Сперва испугался, что остался с ней наедине. Потом объяснил себе, что бояться нечего, — элементарная житейская ситуация: живым приходится проводить время с мертвецами. Задался вопросом: как бы она прореагировала, если бы вдруг вернулась в жизнь. Наверное, так же, как сам я, — удивилась бы, что находимся с ней не в Петхаине, а на чужой земле, в Америке, на пути в Манхэттен, и один из нас мертв, то есть чужой другому. Что бы я у нее спросил? Прежде всего — отчего умерла? Не убили ли? Кто, — если да? Те или эти? Что тут, в Нью-Йорке, поделывает Абасов? Встречалась ли с Кливлендом Овербаем? Что вышло на самом деле с Бретской библией? Правда ли, что она существует в двух экземплярах? А где второй? Второй ли он или все-таки первый? Подумал еще: а стала бы Натела говорить правду? И нужна ли мне правда, тем более, что она, должно быть, гнусна? Разве дело в правде? Разве она меняет хоть что-нибудь? И разве что-нибудь кроме смерти имеет значение? И нет ли у смерти иного смысла кроме того, что она является концом существования?

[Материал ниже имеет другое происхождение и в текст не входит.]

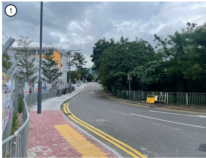
Compliance with Approval Condition (a) – No vehicle is allowed to queue back to or reverse onto/from public road at any time during the planning approval period
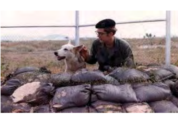
15)... but not their memory.
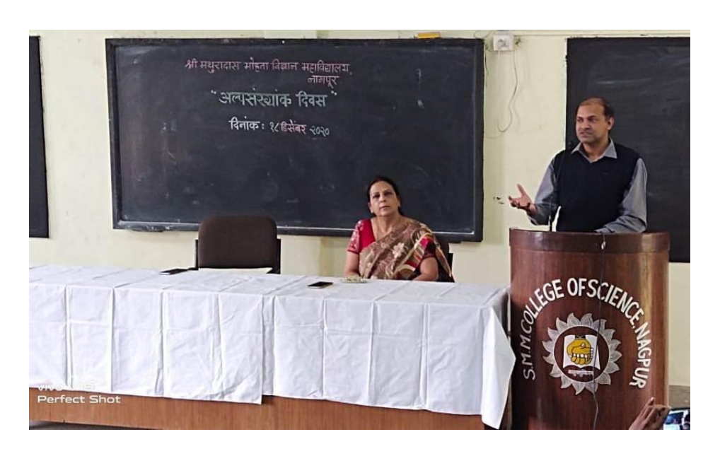
ALPASANKHYANK DIWAS (MINORITY DAY)
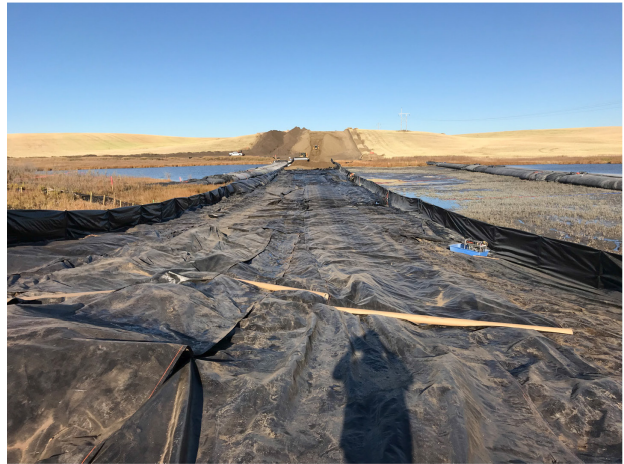
14. Water crossing construction, tarp laid out and proceeding to cover with dirt. Location 68km and 300 – Sept 29, 2017
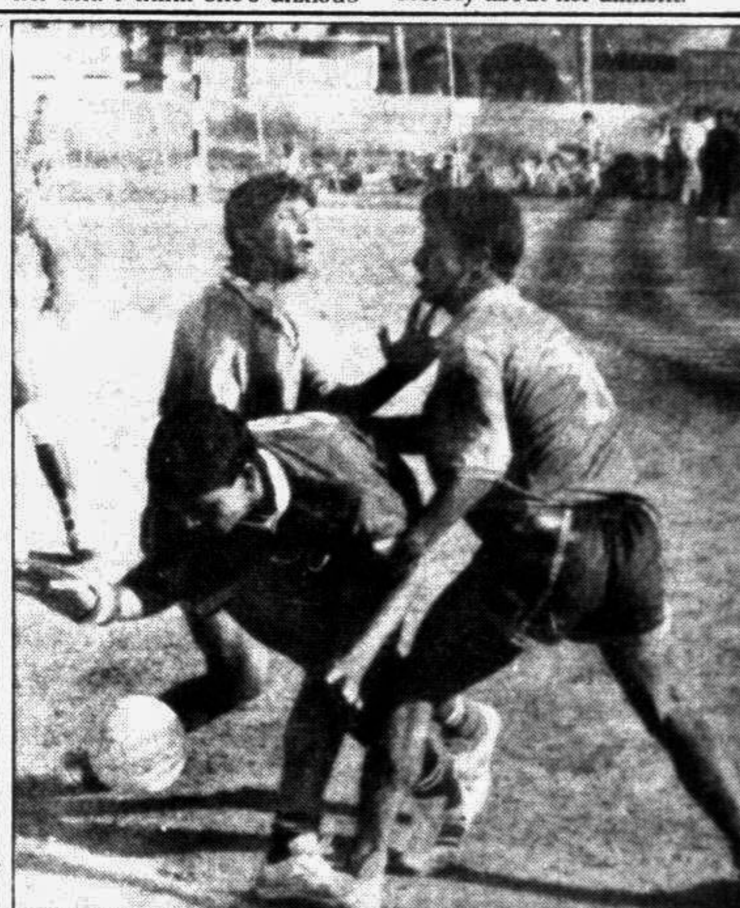
Bangladesh Police versus Sabuj Sangha Monsoon handball match in progress yesterday at Outer Stadium's handball court.
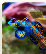
Mandarinfish DUSK DIVE
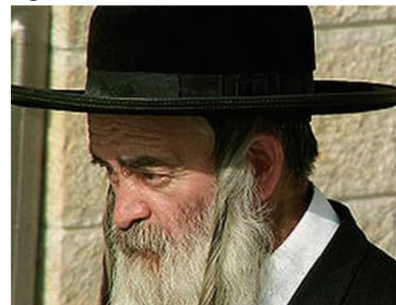
Figure 10 The Above-Mentioned Attire (Internet)

In Samuel G. Freedman's wording, the main theme of the author of the above-mentioned short story, Roth, is "the anxiety of the American Jew: The fear that every hard-won advancement, every material and social comfort—indeed, every sign of genuine acceptance in this overwhelmingly Christian nation—can be wiped away with shocking suddenness" .
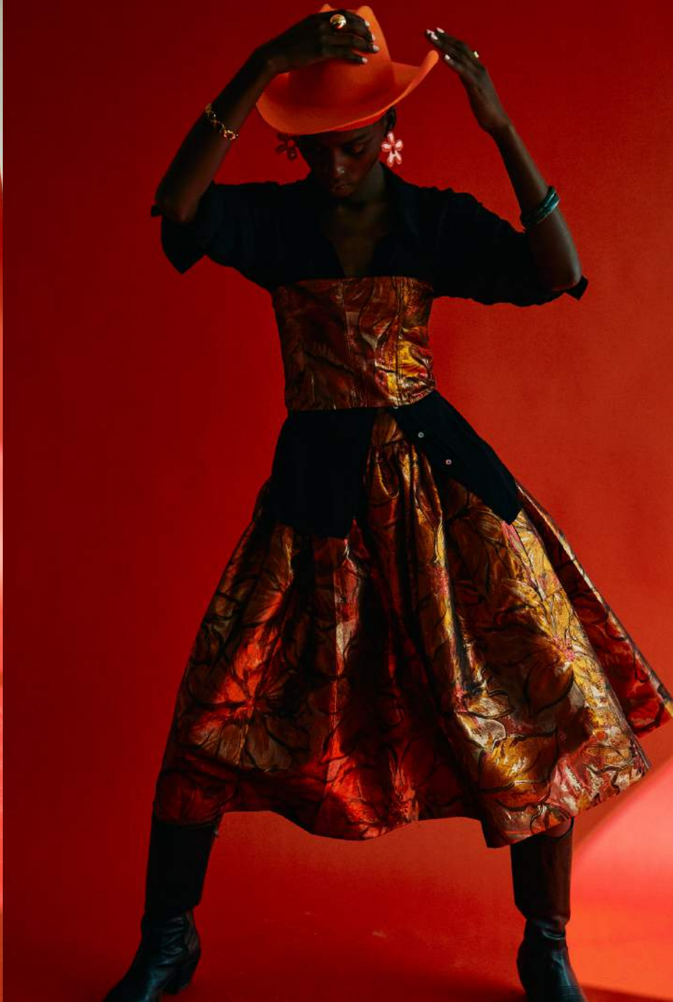
LOOK # 19 . CLT01 Jacquard corset Top / SK01 Skirt Ampia
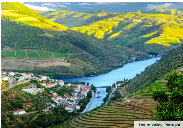
Douro Valley, Portugal
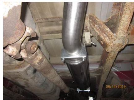
Figure 9 (Hanger may not be same as shown)
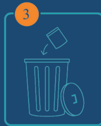
SEAL, SHAKE & DISPOSE IN TRASH

Deterra is on a mission to prevent drug misuse and protect our environment through safe, permanent disposal of unused prescriptions and over-the-counter medications. For more information visit Safe At-Home Medication Disposal | Deterra Drug Disposal System (deterrasystem.com) . Through a partnership with Deterra, CCA has purchased 18,000 Deterra bags for members to distribute throughout the year to encourage safe storage and disposal. To learn more about safe storage and disposal visit Florida Rx Safety .
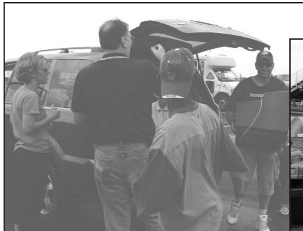
Consumers and staff receive electronics for recycling from area residents.

Almost 2000 households participated in this event, and SAVE took in over 74,000 pounds of electronic waste. SAVE and Secure Processors stacked and palletized enough TVs, computers and monitors to fill three semi trailers!
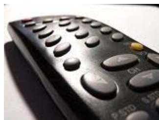
remote control 遥控 [yáo kòng]
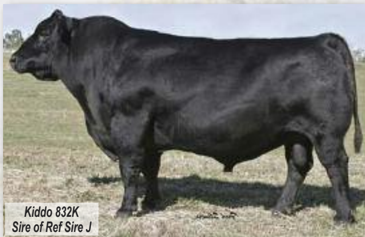
Kiddo 832K Sire of Ref Sire J
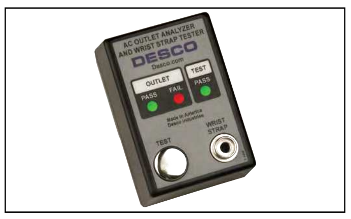
Figure 2. Desco <u>98131</u> AC Outlet Analyzer and Wrist Strap Tester
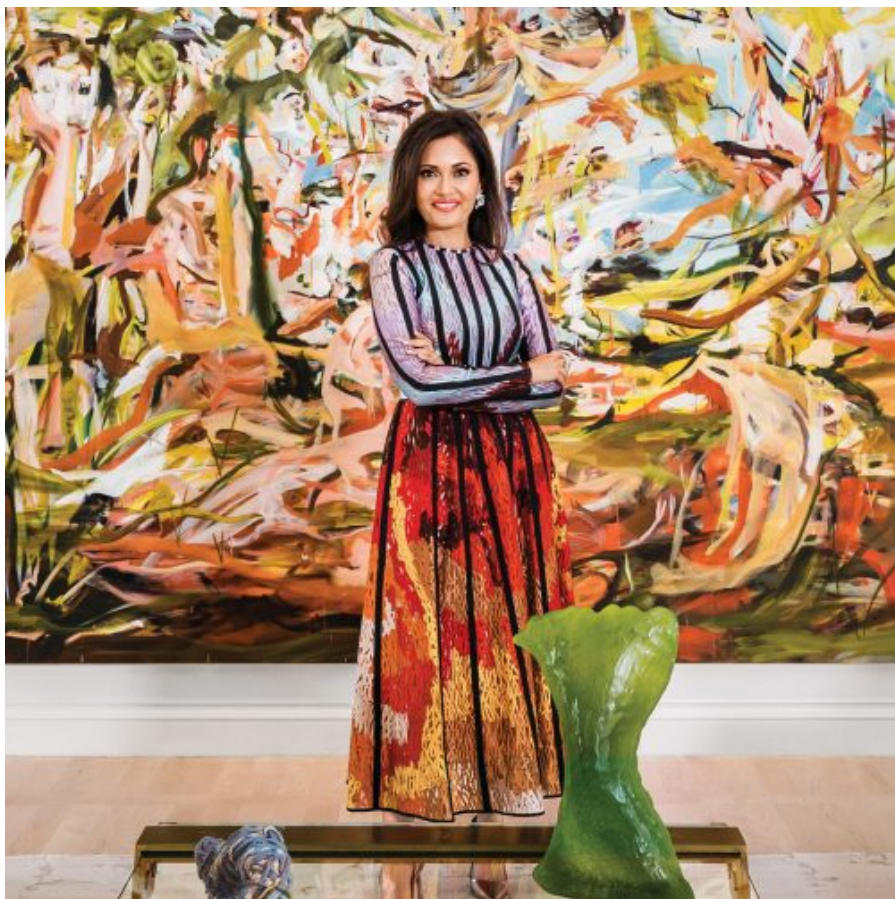
( https://galeriemagazine.com/women-changing-the-art-world-2023/ )

Tour Diana Al-Hadid's Expansive Brooklyn Studio ( https://galeriemagazine.com/diana-al-hadid-studio-tour/ )
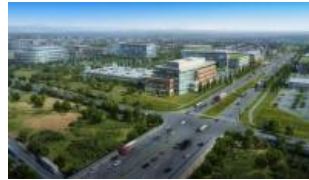
A rendering of the proposed business park looking northwest from the Interstate 70/Central Park Boulevard interchange. The building in the foreground is a 125,000-square-foot office building that is fully designed and can be ready for occupancy in 12 months.

A handful of businesses and agencies, including a solar company, a food distributor and the FBI, are already located in Stapleton. Additionally, Drury Hotels is planning to build a 180-room, eight- or nine-story hotel,
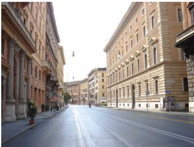
Above: Corso Vittorio Emanuele II, Rome

Thanks for joining the LICS family, and we hope to see you at the upcoming events.
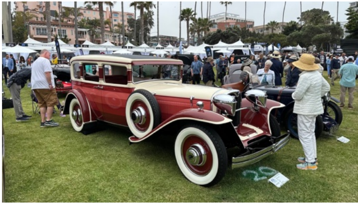
The Nethercutt Collection's 1930 Ruxton
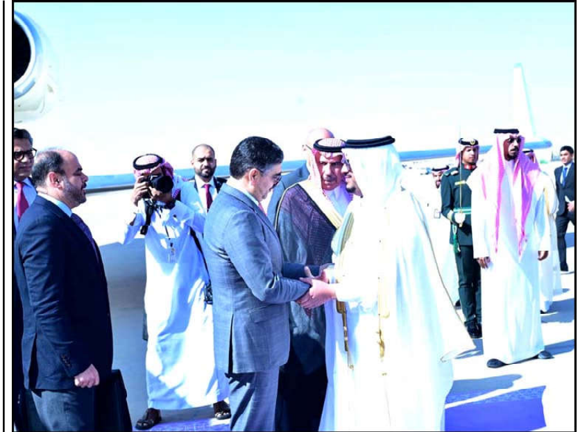
RIYADH: Deputy Governor Riyadh, Prince Mohammed bin Abdulrahman bin Abdulaziz receiving Caretaker Prime Minister Anwar-ul-Haq Kakar upon his arrival.

He said that finding an answer to when and how relations can be normalized is certainly a challenge for every section of society including leadership, intellectuals, businessmen and civil society of both countries. He is an optimistic person. And whenever there are difficult situations, there is always hope. And I am also hopeful for the solution of the problem.
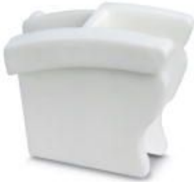
Switching lock, length: 12 mm, width: 6.2 mm, color: white

Please be informed that the data shown in this PDF Document is generated from our Online Catalog. Please find the complete data in the user's documentation. Our General Terms of Use for Downloads are valid ( http://phoenixcontact.com/download )
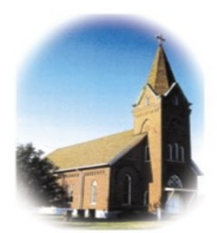
St. Aloysius 18925 E 1350 Rd. • P.O. Box 577 Paris, IL 61944
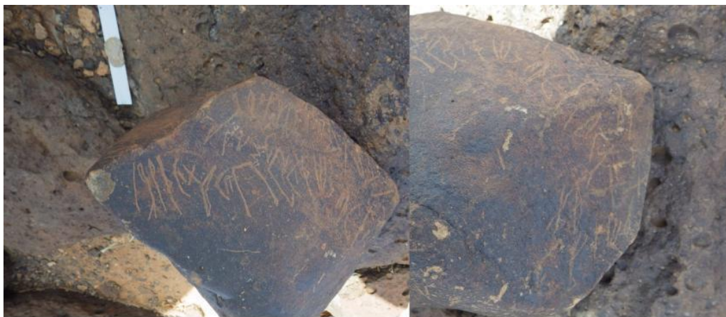
Figure 7. Stone 5 (Photograph: A. Al-Manaser).

This inscription was engraved on a basalt stone, and it is clear that many of its letters have been damaged. This is likely because the stone was transferred from its original location to be used in a cairn; where it was positioned face-down. The transliteration of this inscription was based those letters which have been preserved, and our familiarity with the Safaitic words and the commonly used phrases. It appears that the author of this inscription fed [his animals] on dry fodder. It is worth noting that the author did not specify what types of animals he possessed. It could have been sheep, goats, or camels....etc. It is a common for the authors of the Safaitic inscriptions not to specify the type of animals when using the verb «lf «to feed on dry fodder» on dry fodder (C 3933; SIT 12; AbHYN 1; AAEK 67). The author also asked the deities Lt and Ḍs ṯ to grant him security and safety and to harm whoever scratches out the inscription.
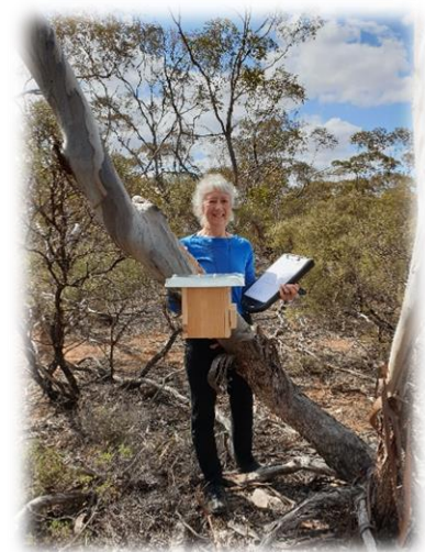
Figure 7 setting up possum boxes with landholder
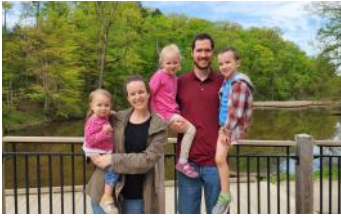
E & J* M, J, C *Names withheld for security purposes
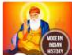
Conquest of Punjab.pdf
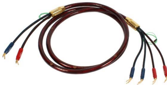
The Nova – Mounted as bi-wiring set with gold plated BERRI busconnectors
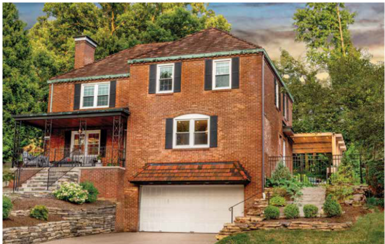
The Lipsitz house as seen from Beechwood Boulevard.
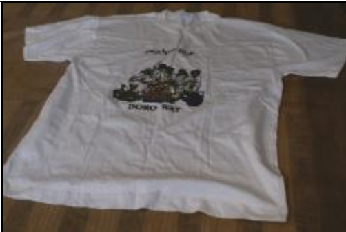
T-shirt med motiv fra Etiopien.
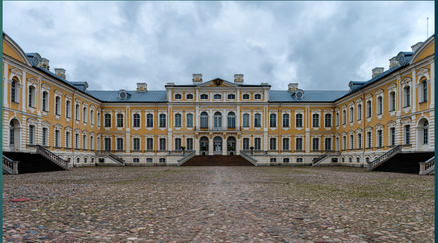
Rundale Palace, Bauska Municipality, Latvia – September 2017.
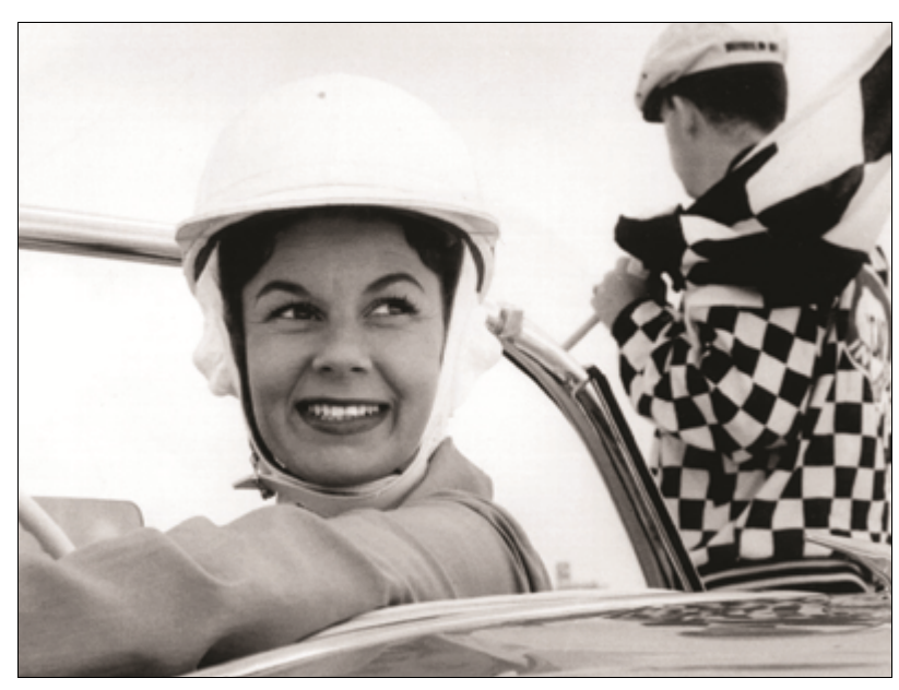
June 28, 1926 – August 31, 2011

Betty Skelton (Frankman), frequently referred to as the "first lady of firsts", worked side-by-side with some of the biggest names in Corvette, and established unbelievable records of her own in racing, aviation and automotive history. The first woman to be inducted in to the Corvette Hall of Fame was also the first woman in the world to drive racing cars to new records through the famous NASCAR measured mile on the sands of Daytona Beach. Skelton established records for Chevrolet behind the wheel of the Corvette, and appeared at major auto shows, as well as national ads and TV commercials.
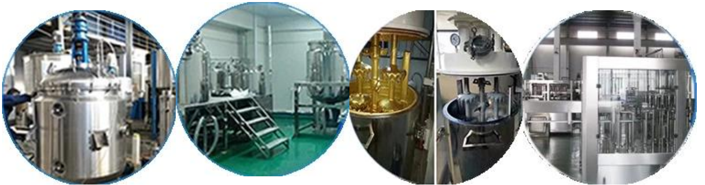
Creaming Machine Line
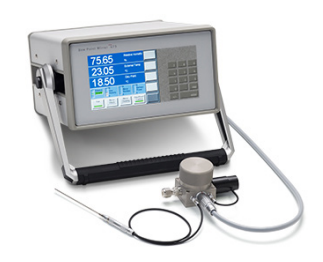
Chilled Mirror Dew Point Meter and Humidity Generators MODEL 473™
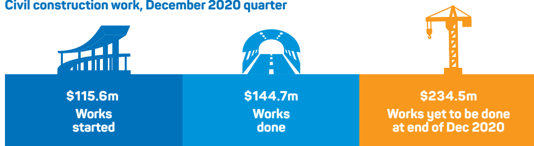
Civil works by activity, December 2020 quarter ($m)
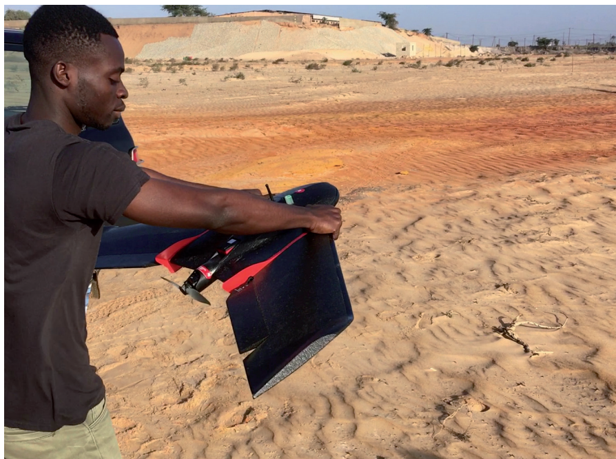
Takeoff of a mapping drone in Senegal.

The principles of precision livestock farming and precision agriculture can be applied to agroecology since they lead to interventions tailored to suit plants and animals needs. They centre around a four-stage: observation (measuring “symptoms”), diagnosis (identifying the status of a plant or an animal), recommendation (determining the action to take), and action. With precision agriculture it is possible to map diversity within crops and to apply different measures to different parts of a plot (Bellon and Huyghe, 2016): nitrogen fertilisation (using satellite sensors from the early 2000s onwards and now tractor-
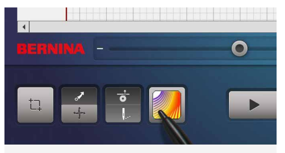
Customize designs in Art & Stitch
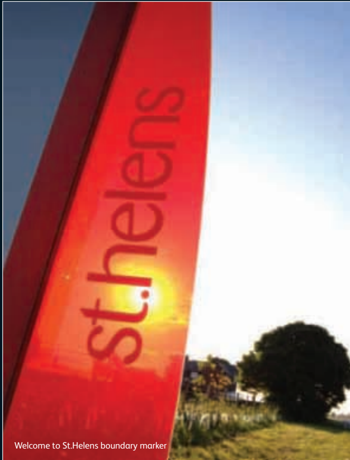
Welcome to St.Helens boundary marker

Хотя более важного вопроса я не знал, мне показалось, что, если бы Натела услышала его, она бы насмешливо улыбнулась, как улыбаются вопросам невежд. Действительно, можно ли рассуждать о несуществовании, не познав его? Нет. Можно ли, не познав его, рассуждать о существовании? Тоже нет. Поэтому ничего дельного о нем — как о смерти — люди не знают. Поэтому человеческая мудрость не заслуживает и смеха, — лишь усмешки. Может, это и имел в виду Соломон, когда рассуждал, что «мудрец умирает как умирает глупец»? Невозможно быть мудрым, не познав небытия, и несуществующим не о чем беседовать с живыми. Поэтому Бог и вспоминает нас только, когда Ему вдруг приспичит отнять нас от жизни.
Мною овладело ребяческое чувство робости перед чем-то более совершенным и сложным, чем я, — перед существом, освященным и умудренным несуществованием. Испугавшись этого ощущения, я навалился на газовую педаль и вырвался вперед, шмыгая из колонны в колонну. Оторваться от этого въедливого чувства не удалось, и, оттянув руку назад, я опустил ладонь на труп.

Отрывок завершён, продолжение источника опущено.